Opponents, particularly Christians, regard the pending legislation as a threat to liberty.

"This bill is indeed the greatest threat to free speech and the free exercise of religion in my lifetime," commented Robert Gagnon, former professor at Pittsburgh Theological Seminary, said on his Facebook page Sunday, speaking of AB 2943. Gagnon is also the author of the 2002 book The Bible and Homosexual Practice: Texts and Hermeneutics.

"AB 2943 does not exempt from state action any oral or written communications associated with a monetary transaction that convey, in whole or part, that people should stop engaging in homosexual practice or expressing themselves as a gender at odds with their biological sex established before birth," he said.

Dr. Andre Van Mol, a family physician based in Redding, California noted in a Monday interview with The Christian Post that the bills' authors have tried to amend their legislation but believes no amendment will suffice as the proposed laws operate from flawed premises and should be withdrawn or defeated.

"Both bills are attempts to legislate the false beliefs that sexual orientation and gender dysphoria are inborn and unchangeable. Neither is true," Van Mol said.

"AB2943 calls change therapy — under the pejorative term 'conversion' therapy — fraudulent practice, but it's 2943 that is fraudulent. Many people who found change from LGBT identity spoke before the Assembly and Senate, and they were largely ignored."

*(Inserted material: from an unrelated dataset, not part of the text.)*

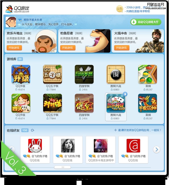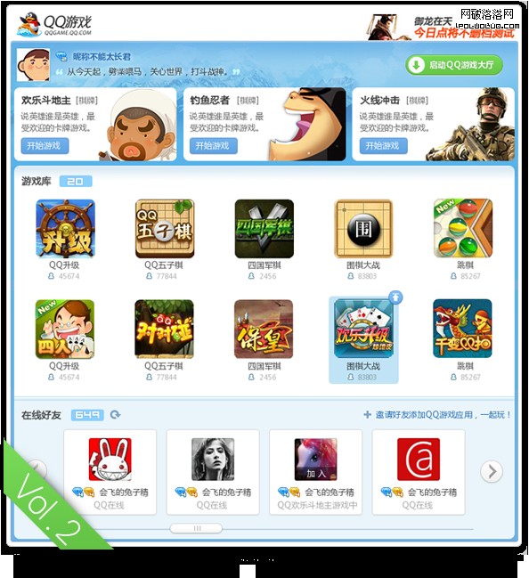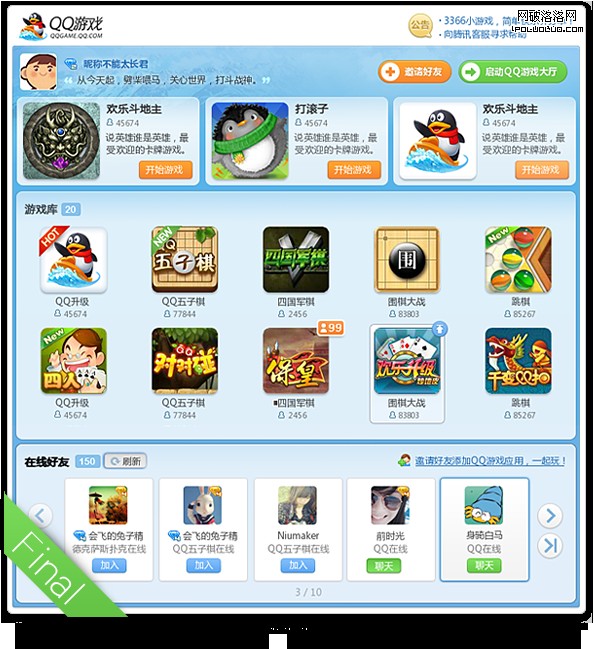 最後定稿,我們將游戲推薦板塊的形式做了小小的調整,因為之前的形式會讓用戶看起來像是廣告。“在線好友”板塊的滾動條最後還是去掉了,換成了翻至首頁和翻至尾頁按鈕,最後,還在版面頭部加上了“邀請好友”按鈕。

Several of those individuals who testified both in the legislature during the hearings and on the steps of the state capitol building are featured in a new book called Changed: #OnceGay Stories. The book provides a snapshot into the lives of dozens of men and women who left homosexuality and transgenderism, many of whom recount how various kinds of counseling helped them. Several of these individuals are now in heterosexual marriages and have children.

Van Mol gave testimony against AB2119 in both Assembly and Senate Human Services Committees, representing the American College of Pediatricians as co-chair of their Committee on Adolescent Sexuality during the hearings.

"With AB 2119 the state of California is directing that any foster child with gender dysphoria should be 'affirmed' in fighting their biological sex, despite such not being proven safe or beneficial, for a condition that goes away by adulthood 80-95% of the time," he told CP.

The California Family Council has been actively opposing the bill, and believes the floor vote will likely take place Thursday. The Assembly will have to vote on the measure again due to an added amendment, the advocacy group noted. Governor Jerry Brown, a Democrat, is expected to sign the legislation should it reach his desk.

Even the Los Angeles Times has criticized AB 2943, arguing in May that the bill goes too far.

"[I]t's true that AB 2943 covers only sexual orientation change efforts that result in the 'sale or lease of goods or services' and thus wouldn't affect a lot of religious communications in which no money changes hands. But what if a minister urged someone he or she was counseling to buy a book or enroll in a religious seminar that charged a registration fee? Treating that activity as consumer fraud would raise serious constitutional questions," the LA Times editorial board wrote in an May 7 op-ed.